Donald Sharp [Thu, 16 Nov 2017 19:06:10 +0000 (14:06 -0500)]
zebra: Install/Update success caused flags to be cleared for lsp
When the kernel installs/updates a lsp the return code for
success is a 0. The code was interpreting the 0 as a failure
case for the Install/Update code paths.

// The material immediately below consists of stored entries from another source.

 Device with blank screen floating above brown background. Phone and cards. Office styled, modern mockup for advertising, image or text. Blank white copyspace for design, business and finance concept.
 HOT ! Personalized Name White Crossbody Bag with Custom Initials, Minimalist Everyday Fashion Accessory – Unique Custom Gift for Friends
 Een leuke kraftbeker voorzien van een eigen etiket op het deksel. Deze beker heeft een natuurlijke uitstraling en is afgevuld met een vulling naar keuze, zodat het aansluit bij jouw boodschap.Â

This caused upon
a true deletion zebra loosing knowledge of the lsp
but the kernel still had it installed.
Failure:
mpls label bind 10.50.4.11/32 4444
!
line vty
!
end
robot.cumulusnetworks.com# conf t
robot.cumulusnetworks.com(config)# no mpls lsp 6666 10.50.11.1 3933
robot.cumulusnetworks.com(config)# exit
robot.cumulusnetworks.com# show mpls table 6666
robot.cumulusnetworks.com# exit
sharpd@robot ~/frr4> ip -f mpls route show
6666 as to 3933 via inet 10.50.11.1 dev enp0s10 proto static
With Fix:
sharpd@robot ~/frr4> ip -f mpls route show
6666 as to 3933 via inet 10.50.11.1 dev enp0s10 proto static
sharpd@robot ~/frr4> sudo vtysh
Hello, this is FRRouting (version 3.1-dev).
Copyright 1996-2005 Kunihiro Ishiguro, et al.

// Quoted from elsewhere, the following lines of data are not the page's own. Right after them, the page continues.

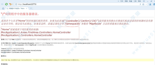 4、打开App_Start下的RouteConfig.cs文件,为路由的映射添加:namespaces:new string[]{“根目录下Controller所在的命名空间”}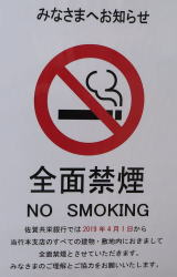 佐賀県鹿島市内の金融機関の敷地内禁煙の状況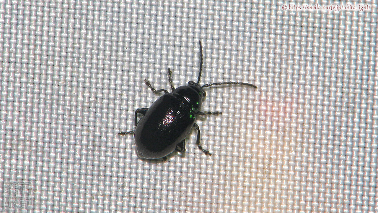 前胸背板の後縁に横溝があることからカミナリハムシの仲間と思われる。濃紺~黒の色彩で丸みを帯びた体型をしている。この属は似た種も多いため灯火飛来の個体では同定が難しい。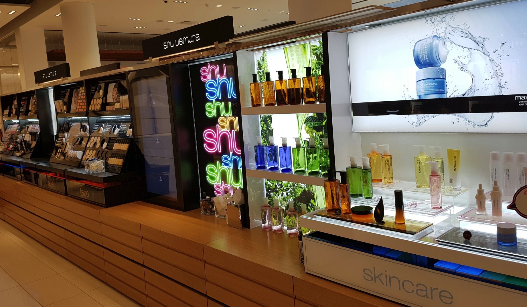 This wall carries cult favourite and hard-to-finds like Lipstick Queen, Kevyn Aucoin, Eve Lom and Terry.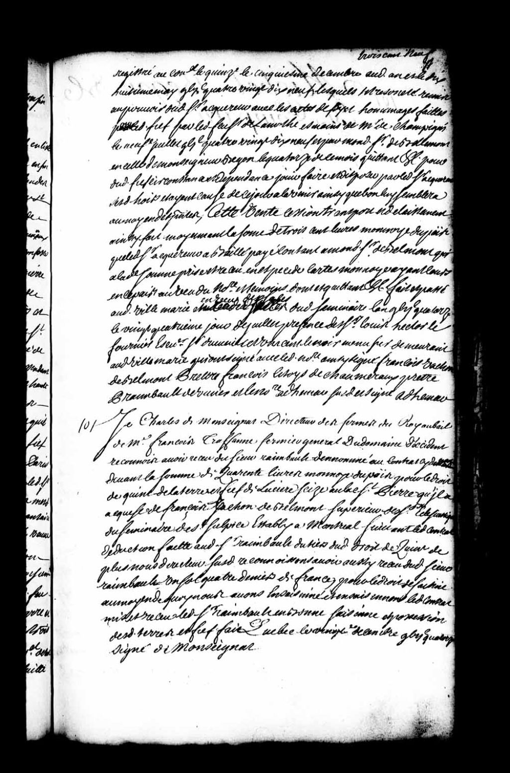 Reçu pour le paiement des droits de quint dus au Roi par le sieur Raimbault, suite à l'acquisition de la seigneurie de Lussière de François Vachon de Belmont, supérieur du Séminaire de Montréal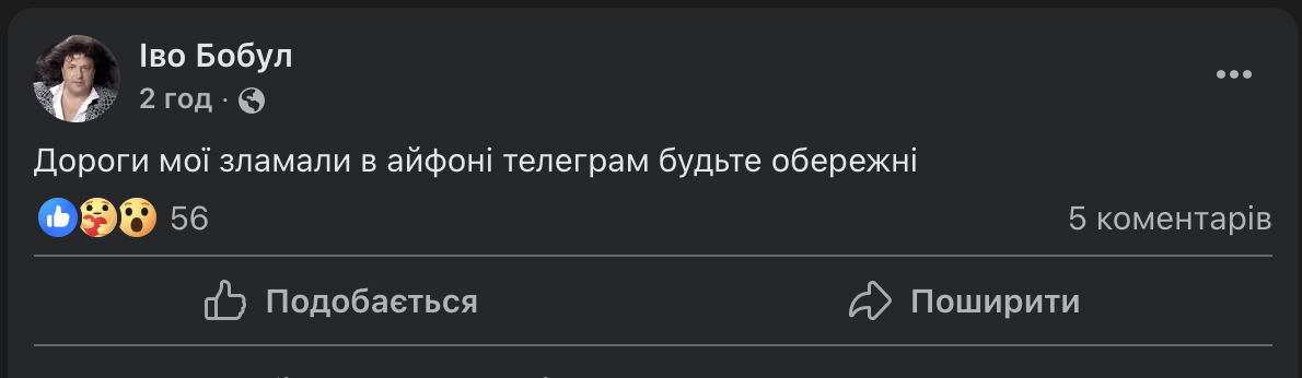 Украинский певец Иво Бобул сообщил, что его аккаунт в Telegram взломали. Артист призвал поклонников быть осторожными

robot.cumulusnetworks.com# conf t
robot.cumulusnetworks.com(config)# no mpls lsp 6666 10.50.11.1 3933
robot.cumulusnetworks.com(config)# end
robot.cumulusnetworks.com# show mpls table 6666
robot.cumulusnetworks.com# exit
sharpd@robot ~/frr4> ip -f mpls route show
sharpd@robot ~/frr4>
Signed-off-by: Donald Sharp <sharpd@cumulusnetworks.com>
Donald Sharp [Thu, 16 Nov 2017 17:26:07 +0000 (12:26 -0500)]
zebra: rt_socket.c should not use SET_FLAG
The SET_FLAG(nexthop->flags, NEXTHOP_FLAG_FIB)

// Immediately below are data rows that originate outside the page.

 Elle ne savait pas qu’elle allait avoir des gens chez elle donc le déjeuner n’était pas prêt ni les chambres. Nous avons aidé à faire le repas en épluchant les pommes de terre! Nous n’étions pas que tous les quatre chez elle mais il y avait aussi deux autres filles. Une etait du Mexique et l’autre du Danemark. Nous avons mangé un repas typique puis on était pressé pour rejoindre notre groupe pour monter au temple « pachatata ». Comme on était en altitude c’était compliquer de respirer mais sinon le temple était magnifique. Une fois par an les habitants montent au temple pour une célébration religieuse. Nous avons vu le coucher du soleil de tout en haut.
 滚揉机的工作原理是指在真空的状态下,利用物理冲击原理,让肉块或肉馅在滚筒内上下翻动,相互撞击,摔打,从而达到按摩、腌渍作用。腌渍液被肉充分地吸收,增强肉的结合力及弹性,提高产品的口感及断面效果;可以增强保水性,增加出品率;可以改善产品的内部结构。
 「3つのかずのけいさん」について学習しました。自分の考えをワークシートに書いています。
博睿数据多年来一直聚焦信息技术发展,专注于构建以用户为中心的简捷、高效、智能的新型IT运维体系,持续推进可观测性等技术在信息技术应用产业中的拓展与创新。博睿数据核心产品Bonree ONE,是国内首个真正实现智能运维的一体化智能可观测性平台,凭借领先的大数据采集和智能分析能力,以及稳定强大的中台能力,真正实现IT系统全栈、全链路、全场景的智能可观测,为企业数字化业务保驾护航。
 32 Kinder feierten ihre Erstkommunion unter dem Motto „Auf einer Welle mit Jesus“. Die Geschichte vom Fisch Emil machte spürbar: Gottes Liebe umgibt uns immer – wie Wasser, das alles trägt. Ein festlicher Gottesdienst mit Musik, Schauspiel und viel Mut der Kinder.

is already taken care of in zebra_rib.c. There
is no need for this to be handled by rt_socket.c.
rt_netlink.c does not do a SET_FLAG(nexthop->flags, NEXTHOP_FLAG_FIB)
for route installation. Please note it does do it for a mpls
labeled route installation, which will be fixed in a future
commit.
Remove some dead code from 2002 as well.
Signed-off-by: Donald Sharp <sharpd@cumulusnetworks.com>
Donald Sharp [Thu, 16 Nov 2017 18:10:41 +0000 (13:10 -0500)]
zebra: Note about functionality in rt.h
When we are modifying the kernel there could
be multiple modules/hooks involved in this
process. As such let the caller set
the appropriate flags for success/failure.
Signed-off-by: Donald Sharp <sharpd@cumulusnetworks.com>
Donald Sharp [Fri, 10 Nov 2017 13:51:34 +0000 (08:51 -0500)]
lib, zebra: Modify zebra to use STREAM_GET for zapi
This code modifies zebra to use the STREAM_GET functionality.
This will allow zebra to continue functioning in the case of
bad input data from higher level protocols instead of crashing.
Signed-off-by: Donald Sharp <sharpd@cumulusnetworks.com>
Donald Sharp [Thu, 2 Nov 2017 12:37:06 +0000 (08:37 -0400)]
lib: Add STREAM_GETX functions
Currently when stream reads fail, for any reason, we assert.
While a *great* debugging tool, Asserting on production code
is not a good thing. So this is the start of a conversion over
to a series of STREAM_GETX functions that do not assert and
allow the developer a way to program this gracefully and still
clean up.
Current code is something like this( taken from redistribute.c
because this is dead simple ):
afi = stream_getc(client->ibuf);
type = stream_getc(client->ibuf);
instance = stream_getw(client->ibuf);
This code has several issues:
1) There is no failure mode for the stream read other than assert.
if afi fails to be read the code stops.
2) stream_getX functions cannot be converted to a failure mode
because it is impossible to tell a failure from good data
with this api.
We've created a stream_getc2( which does not assert ),
but we need a way to allow clean failure mode handling.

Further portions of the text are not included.